Anggota dewan dari Fraksi Golkar ini mengatakan, batas waktu kontrak PT Freeport juga akan berakhir 2021. Dua tahun sebelum itu harus ada pembahasan perpanjangan kontrak.

"Namun di tengah situasi seperti itu, kita dihadapkan pada banyak masalah seputar Freeport. Jadi, ini momentum terbaik membentuk Pansus Freeport," katanya.

Menurut Lili, pansus mendesak dibentuk pascaheboh pertemuan mantan presiden direktur Freeport Maroef Syamsoedin, Ketua DPR Setya Novanto dan pengusaha Riza Chalid terungkap juga SK Menteri ESDM 7 Oktober 2015 mengenai perpanjangan kontrak kepada PT Freeport. Selain perpanjangan izin juga adanya izin mengekspor konsentrat yang dibuat di dalam Memorandum of Understanding (MoU) pada Januari 2015, padahal UU tidak membolehkan hal itu.

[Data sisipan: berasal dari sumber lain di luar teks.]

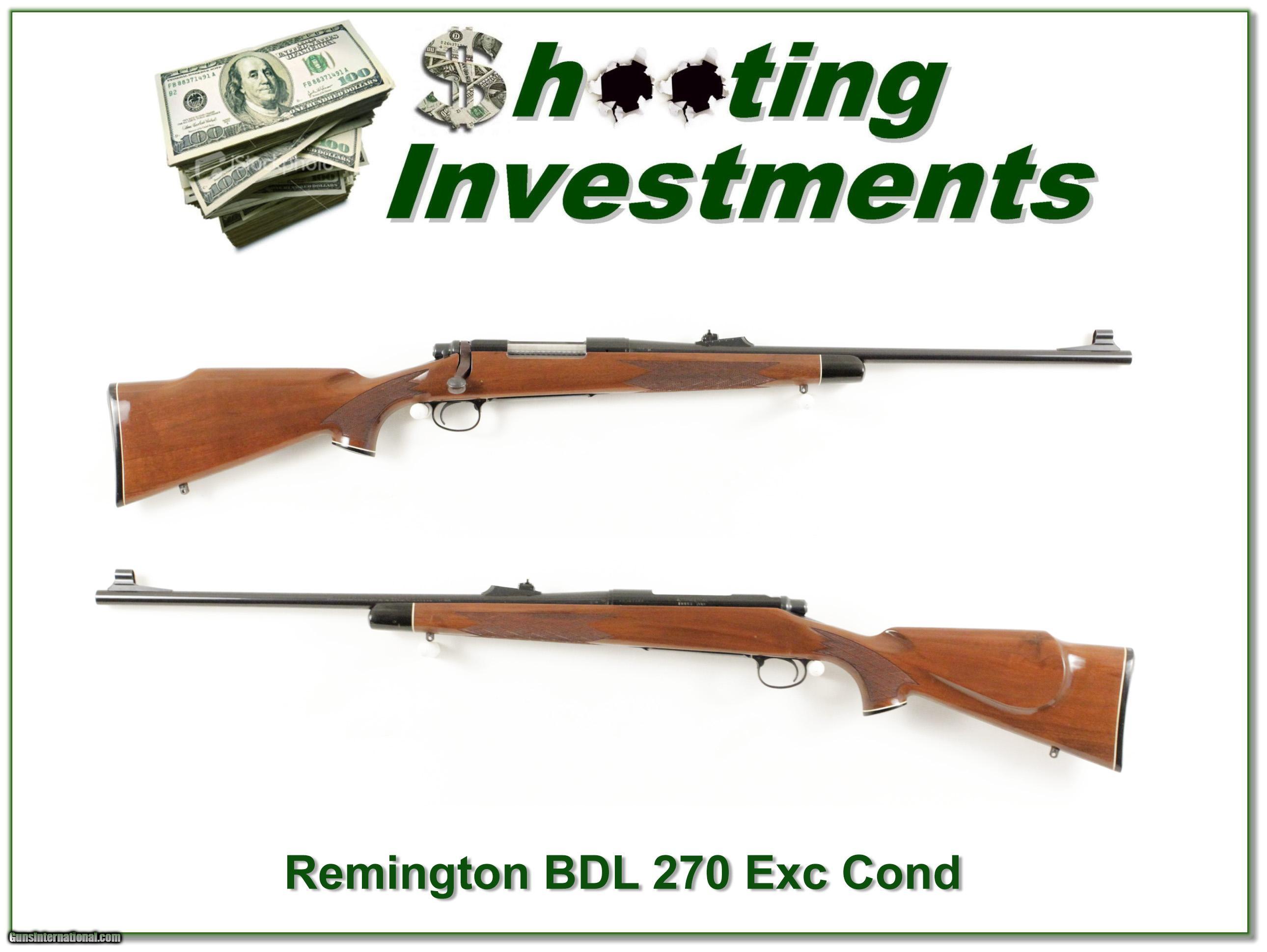 Description: This is an older Remington 700 BDL in 270 Winchester. It is in excellent condition. The blue shows little use and the wood has only a couple minor marks. It will make a nice classic Hunting gun and they just don’t make them like they used too! Shipping and insurance is $35 or $15 more if you want it shipped in a new Plano hard case. Please email me with any questions or larger pictures. (Consign your quality firearms with Shooting Investments for only 10%! Let me know if you have any you would like to sell!) 17-0712 Payment: Payment is by Money Order, Cashiers Check or Personal Check. I can now also accept MasterCard and Visa with a 3% convenience fee. PayPal can be used for some items but never firearms. Please let us know if you would like to pay via PayPal. Shipping: The shipping charge will be listed in each description. It is $35 for most guns. Some heavy guns or those insured for over $2000 will be higher. Shipments to Alaska and Hawaii are higher because air shipment is required. Most firearms are shipped within 5 days of receipt of payment. We prefer shipping at the beginning of the week to avoid firearms in transit over weekends. We package all shipments carefully and insure them for the full purchase price, rounded up to the next $100. In the unlikely event that damage occurs, it is important that you save all packaging material for the claims process. Optics are shipped Priority Mail and most other non-firearm shipments are shipped First Class. Returns: Our return policy is simple. If for any reason you are not pleased with your purchase, you may return your item for a refund. The only exception is ammunition, it cannot be returned. It is important to us that you are happy. Guns cannot be fired or dissembled before returning them and must be returned in the same condition as received. Notification of a return must occur with-in 3 days of receipt at your dealer. Shipping, convenience and dealer fees are not refundable and are the responsibility of the buyer. Lay-a-way: If needed, we offer a 60 day lay-a-way option on most firearms. It is 1/3 now, 1/3 in 30 days and 1/3 in 60 days. Lay-a-way firearm sales are final. Consigning your firearms with Shooting Investments: We will help you get top dollar for your firearms. While most local guns shops charge 20% or more, our fee is only 10% with a minimum of $50. At your local gun shop it might take months to sell. Selling on-line provides instant access to thousands of interested buyers. You won’t find any other on-line dealer willing to sell your firearms for only 10% or listing every gun on 4 separate s. Selling through an House typically costs the seller 15% and the buyer an addition 15% (so 30%) and you have to wait several months to sell and longer to receive funds. If properly priced, we will sell your firearms in a week or two. Send us an email or give us a call and we’ll explain how easy it is for you to get top dollar. Trading: We collect guns and usually just trade for guns we want to add to our collections. We often sell guns for others wanting to purchase one of ours. We find this the most fair to both of us. Our Commission is only 10% and we hold the gun you want until yours sells. Please contact us if you want to sell one of yours to buy one of ours. Help for California Buyers: We are happy to ship to California. It is the buyer’s responsibility to make sure any item you buy is legal in your state. We are also happy to help with your purchase of a firearm from someone other than us. If you see a gun you would like to buy but the seller can’t or won’t ship to California we can help. You buy the gun and have it shipped to us. We’ll then ship it to your California dealer. The cost for this service is only $30 + shipping. Let me know if we can help! SOLD |

"Itu tidak sesuai dengan UU Minerba dan PP Nomor 77 Tahun 2014 sebagaimana atas perubahan PP Nomor 23 Tahun 2000. Sebab pembahasan perpanjangan kontrak belum waktunya, kok sudah dikeluarkan perpanjanagn izin," kata Lili.

Relevansi yang kuat untuk membentuk pansus, kata dia, juga terkait mundurnya Maroef Syamsoedin sebagai Presdir Freeport. "Ada apa ini? Selain itu, penawaran divestasi saham yang dinilai banyak kalangan sangat mahal. Padahal divestasi itu wajib dilakukan pemegang izin pertambangan," katanya.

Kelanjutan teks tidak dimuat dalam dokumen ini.